The purpose of this study in AML patients is to test whether vadastuximab talirine (SGN-CD33A; 33A) combined with either azacitidine or decitabine improves remission rates and extends overall survival as compared to placebo combined with either azacitidine or decitabine.

Related Conditions:
  • Acute Myeloid Leukemia
Recruiting Status:

Terminated

Phase:

Phase 3

Trial Eligibility

Document

Title

  • Brief Title: Vadastuximab Talirine (SGN-CD33A; 33A) Combined With Azacitidine or Decitabine in Older Patients With Newly Diagnosed Acute Myeloid Leukemia
  • Official Title: A Randomized, Double-blind Phase 3 Study of Vadastuximab Talirine (SGN-CD33A) Versus Placebo in Combination With Azacitidine or Decitabine in the Treatment of Older Patients With Newly Diagnosed Acute Myeloid Leukemia (AML)

Clinical Trial IDs

  • ORG STUDY ID: SGN33A-005
  • SECONDARY ID: 2015-003482-28
  • NCT ID: NCT02785900

Conditions

  • Acute Myeloid Leukemia

Interventions

DrugSynonymsArms
33Avadastuximab talirine, SGN-CD33A33A + HMA
placeboplacebo + HMA
azacitidine33A + HMA
decitabine33A + HMA

Purpose

The purpose of this study in AML patients is to test whether vadastuximab talirine (SGN-CD33A; 33A) combined with either azacitidine or decitabine improves remission rates and extends overall survival as compared to placebo combined with either azacitidine or decitabine.

Detailed Description

      Hypomethylating agents (HMAs), such as decitabine or azacitidine, are considered a standard
      treatment for older patients with AML. The primary goals of this study are to test whether
      patients treated with an HMA (either decitabine or azacitidine) in combination with 33A will
      have better anti-tumor activity and/or survive longer than patients treated with an HMA in
      combination with placebo.

      Patients who meet eligibility criteria will be randomly assigned to one of two treatment
      groups: 1) 33A plus HMA (Experimental Arm); or 2) placebo plus HMA (Comparator Arm).

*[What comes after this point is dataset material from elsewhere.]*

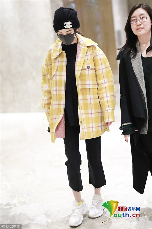 2018年1月6日,上海,楊冪現(xiàn)身某酒店。她戴著帽子口罩,身穿黑色套裝,而外面搭配的奶黃格子外套卻瞬間減齡,明亮又惹眼,無懼寒冬露著纖細(xì)腳踝,依舊是那個很會穿搭的大冪冪。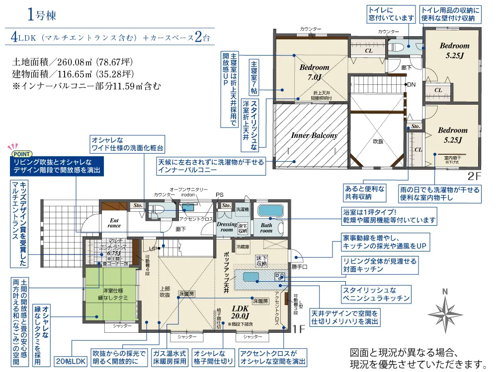 - 建物面積にインナーバルコニー部分11.59m2含む

In
      addition to evaluating survival and remission rates, the minimal residual disease
      (MRD)-negative remission rate, duration of remission, event free- and leukemia-free survival,
      and safety and tolerability will be compared between arms.
    

Trial Arms

NameTypeDescriptionInterventions
33A + HMAExperimental33A plus azacitidine or decitabine
  • 33A
  • azacitidine
  • decitabine
placebo + HMAActive Comparatorplacebo plus azacitidine or decitabine
  • placebo
  • azacitidine
  • decitabine

Eligibility Criteria

        Inclusion Criteria:

          -  Newly diagnosed, previously untreated, cytologically/histologically confirmed de novo
             or secondary AML according to World Health Organization (WHO) classification (except
             for acute promyelocytic leukemia (APL))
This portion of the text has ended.